Notes of the comments made during the discussion:

  • The discussion of the reading material touched upon that many of the claims made by Fleming, need to be taken upon trust as he does not develop them fully in the paper.

    • Arguably, some themes are better developed in the subsequent book that came out, where he raises the level of analysis to the entire university.

  • An important issue that was raised is that of critical mass and reverence for something worth preserving. In the sense that, yes there have been various voices that quite forcefully argue that there has been a detrimental change to the university culture, however most of these are departing from personal experience and subsequently lack the critical mass to make any substantive wide reaching claims.

    • Likewise, a claim that there is something worth preserving about the university culture which is being lost, presupposes that there was something good with the university conduct in the first place which is in danger of being lost.

    • This “something” needs to be articulated and defined in order to preserve it and offer resistance to concurrent changes.

    • Additionally, it is also important not succumb to a (faux?) sense of nostalgia for a system that ahs been. The cause being, there are reasons of why change occurred and without a proper treatment of these, no workable solution for resistance is possible apart from sentimental feelings that are bound to be disappointed.  

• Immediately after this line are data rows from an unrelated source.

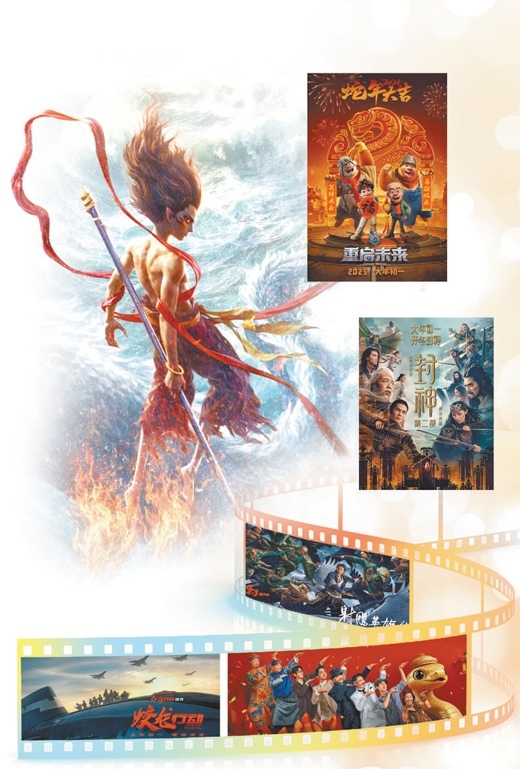 今年春節(jié)檔影片題材多元、類型豐富、市場關(guān)注度高。《封神第二部:戰(zhàn)火西岐》續(xù)寫前作暗線伏筆,展現(xiàn)人物的成長軌跡和戰(zhàn)爭場面;《哪吒之魔童鬧?!分v述哪吒鬧海故事,延續(xù)“超級喜劇、超燃視效”風(fēng)格;《唐探1900》保留類型風(fēng)格的同時,在內(nèi)容創(chuàng)新和制作規(guī)模上升級;《蛟龍行動》作為我國第一部核潛艇電影,在水下呈現(xiàn)廣闊戰(zhàn)場與復(fù)雜戰(zhàn)況;《熊出沒·重啟未來》是《熊出沒》科幻五部曲的最終章,用“極致的浪漫、大膽的想象”呈現(xiàn)一場冒險;《射雕英雄傳:俠之大者》改編自金庸經(jīng)典武俠小說,呈現(xiàn)了“俠之大者,為國為民”。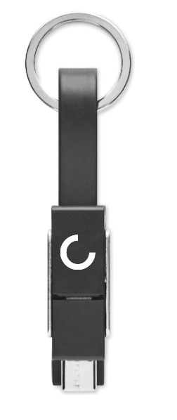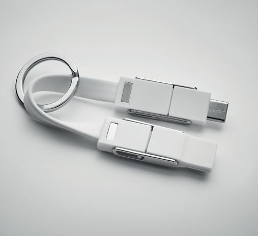 Key ring with 4-in-1 charging cable. In/Output: Type-C x2, Type-A, Micro USB.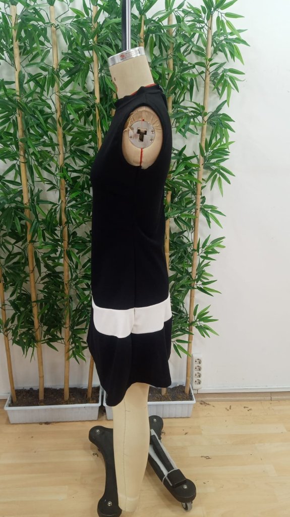 Kadın Sıfır Kol Yarı Balıkçı Yaka şerit Detaylı Ithal Krep Elbise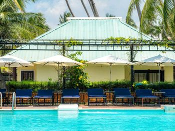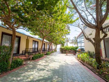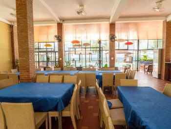 Номера старые, убитые, нуждаются в ремонте, убираются в номерах плохо, персонал равнодушный, возле шезлонгов (большинство из которых сломаны, и которые приходится занимать рано утром) нет зонтиков, завтраки очень скудные. Пляж грязный из-за отливов и ракушечника. Взяли номер с полупансионом, так поняли, что зря выбросили деньги - есть этот обед невозможно. Походили дня три на обеды и бросили, деньги, естественно, потеряли.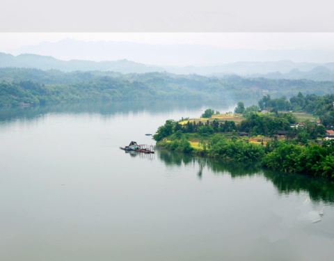 一看到有船经过,就招手示意靠岸登船,船费也特别便宜,一段大概1、2元。当时正是雨季,江水涨得厉害,有些低洼的田地都被淹了,江水十分浑浊。两岸的山水风光在阴雨天下显得不太美,只能当游“船河”了。游览了...

  • The increase in size of the university sector, appears to be a reoccurring theme in the sense that management strategies for an elite section of academic labour that only constitutes a small fraction of society cannot be the same as management strategy for a university sector that has a new mission of mass education.

  • Unintended consequences from academics own conduct, represented another strong theme in Fleming’s characterisation of what constitutes the ‘dark’ side of academe.

    • The performance measures imposed, lose their utility when they no longer represent the thing that they are supposedly are measuring but rather become a self-fulfilling prophecy in the sense that it is instrumental for career advancement to be seen to do well in these metric, as it then becomes a game.

  • Any criticism of the status quo, also needs to acknowledge that there are activities for example in teaching that are trying to resist concurrent counterproductive trends. In the sense, that it is not a judgement that academics are not doing their best to carve out spaces for proper education to take place. Rather, the discussion ought to focus on what are the pressure points that complicate such conduct in the first place?

  • The “boiling frog” metaphor was mentioned, in the sense that many of the counterproductive changes imposed by management, are difficult to resist, as they are gradual and the stemming from the collective consequences of individual conduct. Which in isolation might be considered beneficial, only in hindsight and taken from a collective level of analysis does it then become obvious what the counterproductive tendencies are.

    • Likewise, the status and prestige of academics needs to be defended not based on claims of authority alone, but rather a form of authority that is recognised and acknowledged by the involved parties, i.e. the wider community.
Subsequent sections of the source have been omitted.